* _TASK MATERIAL_:
"""
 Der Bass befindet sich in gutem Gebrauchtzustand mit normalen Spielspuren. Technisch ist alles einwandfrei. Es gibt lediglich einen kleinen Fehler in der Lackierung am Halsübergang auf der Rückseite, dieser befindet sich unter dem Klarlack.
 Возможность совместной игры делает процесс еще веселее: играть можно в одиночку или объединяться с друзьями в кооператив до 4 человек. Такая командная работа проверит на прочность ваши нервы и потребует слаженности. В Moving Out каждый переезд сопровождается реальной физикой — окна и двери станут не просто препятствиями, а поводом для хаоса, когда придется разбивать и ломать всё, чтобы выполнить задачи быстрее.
"""
"""
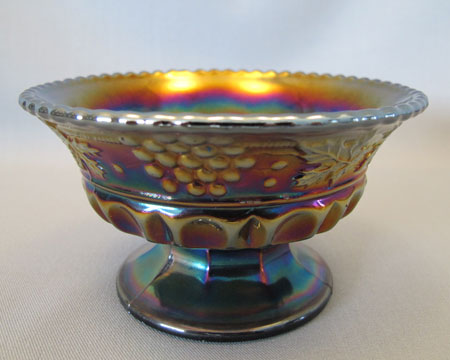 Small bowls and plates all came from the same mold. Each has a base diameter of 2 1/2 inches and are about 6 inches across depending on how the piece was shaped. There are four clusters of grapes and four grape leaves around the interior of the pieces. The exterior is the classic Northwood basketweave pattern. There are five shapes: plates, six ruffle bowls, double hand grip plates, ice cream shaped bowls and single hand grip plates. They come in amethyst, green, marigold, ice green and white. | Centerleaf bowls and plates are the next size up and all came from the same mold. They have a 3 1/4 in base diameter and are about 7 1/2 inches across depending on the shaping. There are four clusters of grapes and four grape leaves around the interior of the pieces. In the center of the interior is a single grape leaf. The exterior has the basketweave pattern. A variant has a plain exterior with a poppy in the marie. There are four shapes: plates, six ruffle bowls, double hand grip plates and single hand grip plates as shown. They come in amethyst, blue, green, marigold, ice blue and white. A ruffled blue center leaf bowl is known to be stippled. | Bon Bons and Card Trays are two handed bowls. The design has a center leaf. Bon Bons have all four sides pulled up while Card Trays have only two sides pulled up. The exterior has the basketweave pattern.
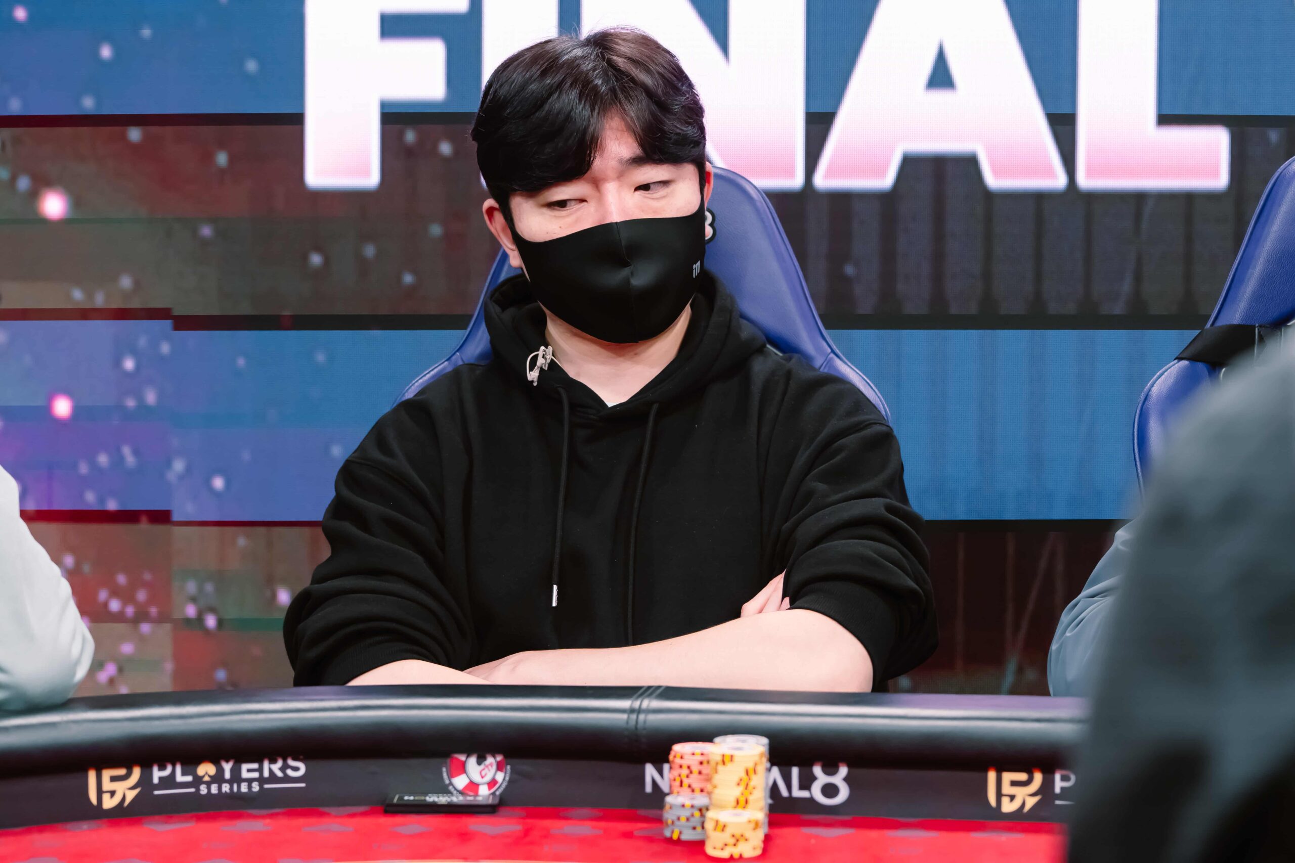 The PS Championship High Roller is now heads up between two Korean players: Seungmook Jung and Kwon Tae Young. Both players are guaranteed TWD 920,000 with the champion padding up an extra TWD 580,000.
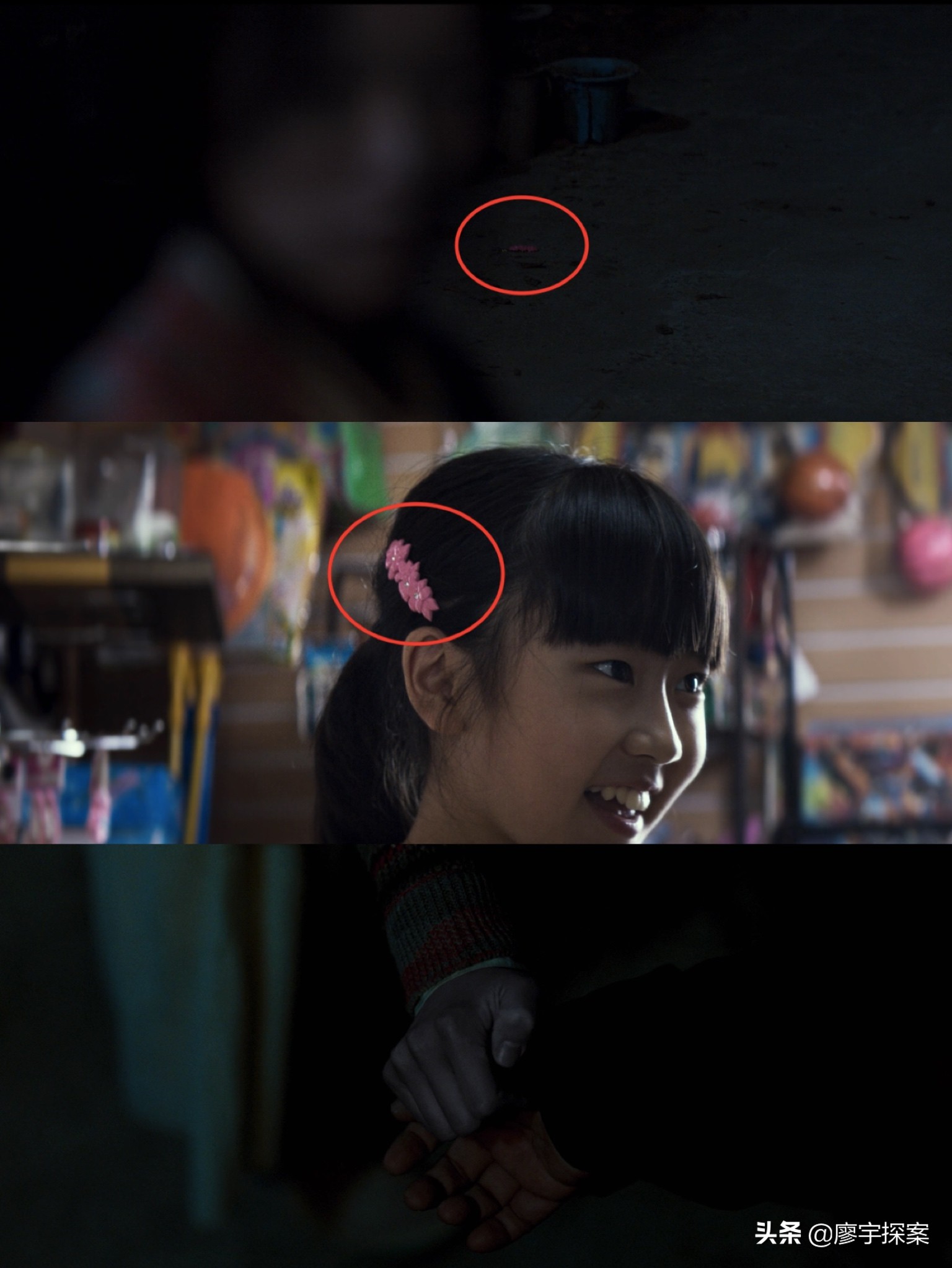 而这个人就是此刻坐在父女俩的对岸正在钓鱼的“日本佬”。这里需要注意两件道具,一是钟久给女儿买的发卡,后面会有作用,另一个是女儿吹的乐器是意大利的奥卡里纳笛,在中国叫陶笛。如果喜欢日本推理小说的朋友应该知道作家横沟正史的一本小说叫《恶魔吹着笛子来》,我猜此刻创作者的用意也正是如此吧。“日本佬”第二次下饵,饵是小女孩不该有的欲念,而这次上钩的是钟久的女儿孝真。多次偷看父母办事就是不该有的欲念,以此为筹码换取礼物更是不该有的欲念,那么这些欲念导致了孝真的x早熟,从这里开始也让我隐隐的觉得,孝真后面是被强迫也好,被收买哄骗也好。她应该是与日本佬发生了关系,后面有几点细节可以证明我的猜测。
"""
* _INSTRUCTIONS FOR THE TASK_: Look above for the line with "The PS Championship" and the line with "而这个人就是此刻坐在父女俩的", then copy exactly the lines from the first through the second, both kept, with no pictures.

* _EXERCISE RESPONSE_:
 The PS Championship High Roller is now heads up between two Korean players: Seungmook Jung and Kwon Tae Young. Both players are guaranteed TWD 920,000 with the champion padding up an extra TWD 580,000.
 而这个人就是此刻坐在父女俩的对岸正在钓鱼的“日本佬”。这里需要注意两件道具,一是钟久给女儿买的发卡,后面会有作用,另一个是女儿吹的乐器是意大利的奥卡里纳笛,在中国叫陶笛。如果喜欢日本推理小说的朋友应该知道作家横沟正史的一本小说叫《恶魔吹着笛子来》,我猜此刻创作者的用意也正是如此吧。“日本佬”第二次下饵,饵是小女孩不该有的欲念,而这次上钩的是钟久的女儿孝真。多次偷看父母办事就是不该有的欲念,以此为筹码换取礼物更是不该有的欲念,那么这些欲念导致了孝真的x早熟,从这里开始也让我隐隐的觉得,孝真后面是被强迫也好,被收买哄骗也好。她应该是与日本佬发生了关系,后面有几点细节可以证明我的猜测。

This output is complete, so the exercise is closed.